What do y'all know about this 902,903,907 ? I want it for my
distribution/aggregation of L2 and L3, vpls (manual and bgp ad), vpnv4 and
future vpnv6.
Right now, we roll 903, 902 and 920s for simple L2 Metro-E backhaul, nothing fancy
and it works really well for us. We also use it for VPLS and no problem there either.
The only caveat we ran into is lack of hash options for LACP/port-channels. Not really
easy to load-balance if a subscriber has LACP'd bundle into one of these. There is no
support for 5-tuple hash, nor MPLS label hash like on Cat65/68k Sup2T or ASR 9k series on
bundles; you only get src-dst IP/mac.
Lastly, (it's not really ASR 90x problem) it uses IOS XE, which means if you are
running 6PE and have ASR 90x in the label switching path, it will reply to IPv6
traceroute with FFFF::ipv4, instead of using IPv6 address you have configured in
the transiting interfaces on the box. We typically configure IPv6 interface on core
interfaces, even if we're running 6PE and have no IPv6 routing protocols in the core.

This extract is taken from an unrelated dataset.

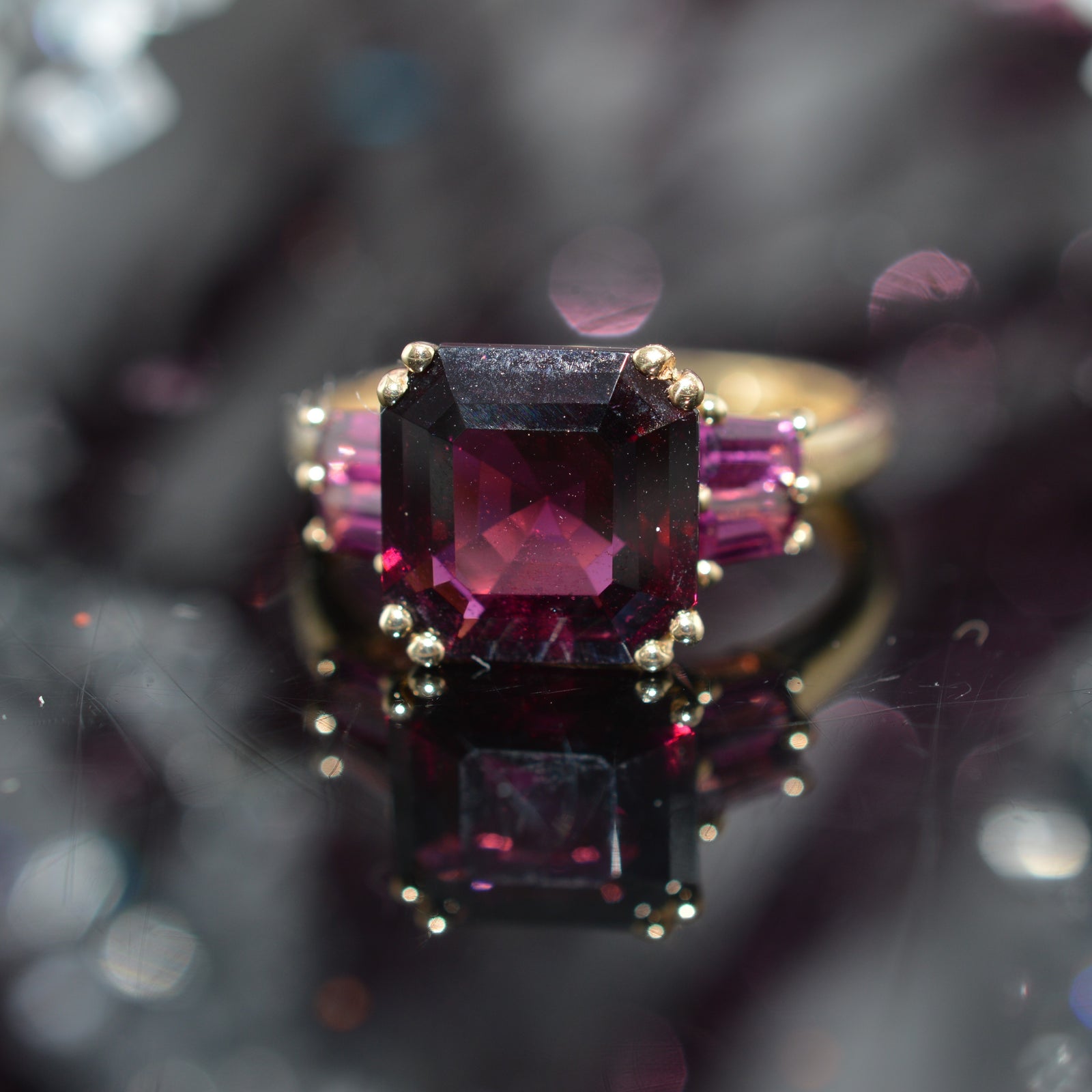 $475.00 USD14K Yellow Gold Asscher Cut Garnet & Amethyst Ring
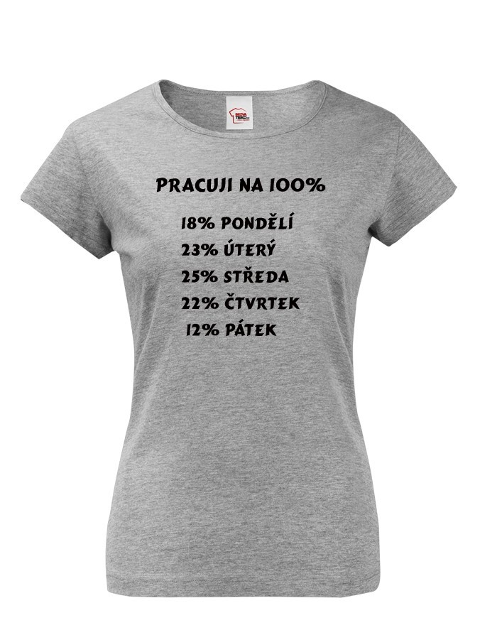 Těžká šichta? Samozřejmě celý týden se pracovalo na 100 % Tohle triko je pro všechny tvrdé pracovnice kteřé dělají za každých podmínek jen a jen na „100 %“ mrk mrk.. Udělej si radost tímhle vtipným trikem s potiskem.

On IOS XR, NXOS and JUNOS, P routers in the path will always pick the configured
interface IPv6 address to respond to v6 traceroute; IOS XE and Classic will always
pick FFFF::ipv4 and it's quite annoying as it breaks traceroute on several operating
systems (i.e. FreeBSD) that conform to RFC which does not permit FFFF:: from the wire.